Consider CRISPR strategies for MRSA biofilms as promising but requiring further refinement in delivery and target selection.

This narrative review evaluates the potential of CRISPR-based strategies, such as Cas9, Cas12a, and Cas13, for treating Methicillin-resistant Staphylococcus aureus biofilm-associated infections. The scope covers targeting resistance genes, virulence factors, and regulatory networks within these complex bacterial structures. The authors synthesize early evidence from emerging in vivo studies, which indicate a reduction of bacterial burden and impairment of biofilm integrity. No specific effect sizes or absolute numbers are reported for these outcomes.

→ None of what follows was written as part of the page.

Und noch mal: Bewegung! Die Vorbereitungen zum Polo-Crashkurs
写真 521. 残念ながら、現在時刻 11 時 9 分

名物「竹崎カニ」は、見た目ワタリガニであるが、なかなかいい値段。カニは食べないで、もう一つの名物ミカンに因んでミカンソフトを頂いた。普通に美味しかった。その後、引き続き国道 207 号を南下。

The review highlights several critical limitations that currently hinder clinical translation. These include limited penetration into mature biofilms, delivery inefficiency, off-target activity, immunogenicity, resistance evolution, and regulatory uncertainty. The authors do not report specific adverse event rates or serious adverse events, though they list off-target activity and immunogenicity as known concerns. The review does not provide data on discontinuations or tolerability.

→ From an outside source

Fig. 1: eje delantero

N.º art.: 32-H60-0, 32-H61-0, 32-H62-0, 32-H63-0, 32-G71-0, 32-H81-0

The practice relevance is described as promising but still developing. The authors argue that further refinement is needed in delivery design, target selection, and translational validation before these interventions can be widely adopted. The review concludes that while the technology shows potential, it requires substantial additional work to overcome current technical and biological barriers.

Study Details

Study typeSystematic review

EvidenceLevel 1

PublishedMay 2026

View Original Abstract ↓

Methicillin-resistant Staphylococcus aureus exhibits heightened tolerance to antimicrobial therapy through restricted drug penetration, extracellular polymeric substance-mediated protection, metabolic heterogeneity, and persister cell formation, limiting the effectiveness of current treatment strategies. CRISPR-Cas systems have emerged as programmable antimicrobial tools capable of targeting resistance genes, virulence determinants, and regulatory pathways; however, existing approaches remain largely gene-centric and insufficiently integrated with the biological complexity of biofilm-associated infections. This review aims to provide a comprehensive and integrative analysis of CRISPR-based strategies for targeting MRSA biofilms by linking molecular CRISPR mechanisms with key biofilm processes and evaluating their translational potential. CRISPR-Cas systems have emerged as programmable antimicrobial platforms with the ability to selectively target resistance genes, virulence factors, and regulatory networks. In MRSA biofilms, these systems are increasingly being explored for their potential to disrupt biofilm-associated determinants and weaken the molecular basis of persistence. Recent advances involving Cas9, Cas12a, and Cas13 highlight the potential of CRISPR-based targeting to interfere with resistance mechanisms, quorum sensing pathways, and structural components relevant to biofilm stability. Emerging in vivo studies, particularly those using engineered bacteriophages and localized delivery systems, provide early evidence that CRISPR-based strategies can reduce bacterial burden and impair biofilm integrity under physiologically relevant conditions. Nevertheless, significant barriers remain, including limited penetration into mature biofilms, delivery inefficiency, off-target activity, immunogenicity, resistance evolution, and regulatory uncertainty. Ultimately, CRISPR-based interventions represent a promising but still developing approach for the control of MRSA biofilm-associated infections, requiring further refinement in delivery design, target selection, and translational validation.